Task brief: For the material that follows, return exactly the lines from the one with "Proveedor:TruperBroca para router, media" through the one with "Sēdes vadītāja. Labrīt, godātie", both ends included.

Data provided:
_ _ _ _ _

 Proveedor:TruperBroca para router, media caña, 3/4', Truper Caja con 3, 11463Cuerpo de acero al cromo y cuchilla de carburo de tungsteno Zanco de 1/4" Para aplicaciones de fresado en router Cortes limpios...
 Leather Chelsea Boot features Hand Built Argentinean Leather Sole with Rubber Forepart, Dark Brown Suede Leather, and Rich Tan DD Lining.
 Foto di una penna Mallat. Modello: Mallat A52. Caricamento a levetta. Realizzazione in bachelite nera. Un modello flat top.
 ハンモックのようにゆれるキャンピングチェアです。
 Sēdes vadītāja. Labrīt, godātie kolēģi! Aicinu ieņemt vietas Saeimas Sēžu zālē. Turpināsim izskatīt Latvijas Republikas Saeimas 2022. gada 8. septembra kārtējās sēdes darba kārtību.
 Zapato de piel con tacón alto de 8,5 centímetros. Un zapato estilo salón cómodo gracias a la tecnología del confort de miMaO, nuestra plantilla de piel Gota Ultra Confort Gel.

_ _ _ _ _

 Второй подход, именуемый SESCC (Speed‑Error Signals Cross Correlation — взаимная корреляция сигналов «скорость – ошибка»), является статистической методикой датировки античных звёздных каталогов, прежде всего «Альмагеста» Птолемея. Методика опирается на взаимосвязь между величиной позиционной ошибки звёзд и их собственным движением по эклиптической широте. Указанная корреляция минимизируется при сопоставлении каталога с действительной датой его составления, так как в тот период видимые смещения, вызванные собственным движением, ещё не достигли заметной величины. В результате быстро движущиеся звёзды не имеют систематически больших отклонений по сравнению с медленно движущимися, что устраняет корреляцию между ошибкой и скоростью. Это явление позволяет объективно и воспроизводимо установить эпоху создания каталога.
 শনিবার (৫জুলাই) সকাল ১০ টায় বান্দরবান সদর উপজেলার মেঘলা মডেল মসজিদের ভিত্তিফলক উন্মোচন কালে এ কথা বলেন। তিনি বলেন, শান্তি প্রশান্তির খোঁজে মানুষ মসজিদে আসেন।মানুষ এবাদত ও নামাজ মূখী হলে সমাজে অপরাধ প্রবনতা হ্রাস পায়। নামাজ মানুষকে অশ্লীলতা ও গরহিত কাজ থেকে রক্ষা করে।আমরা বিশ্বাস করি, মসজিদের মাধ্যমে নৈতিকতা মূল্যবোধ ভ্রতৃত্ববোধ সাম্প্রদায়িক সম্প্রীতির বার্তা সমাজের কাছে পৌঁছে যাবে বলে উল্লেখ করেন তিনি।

_ _ _ _ _

Response to this task:
 Proveedor:TruperBroca para router, media caña, 3/4', Truper Caja con 3, 11463Cuerpo de acero al cromo y cuchilla de carburo de tungsteno Zanco de 1/4" Para aplicaciones de fresado en router Cortes limpios...
 Leather Chelsea Boot features Hand Built Argentinean Leather Sole with Rubber Forepart, Dark Brown Suede Leather, and Rich Tan DD Lining.
 Foto di una penna Mallat. Modello: Mallat A52. Caricamento a levetta. Realizzazione in bachelite nera. Un modello flat top.
 ハンモックのようにゆれるキャンピングチェアです。
 Sēdes vadītāja. Labrīt, godātie kolēģi! Aicinu ieņemt vietas Saeimas Sēžu zālē. Turpināsim izskatīt Latvijas Republikas Saeimas 2022. gada 8. septembra kārtējās sēdes darba kārtību.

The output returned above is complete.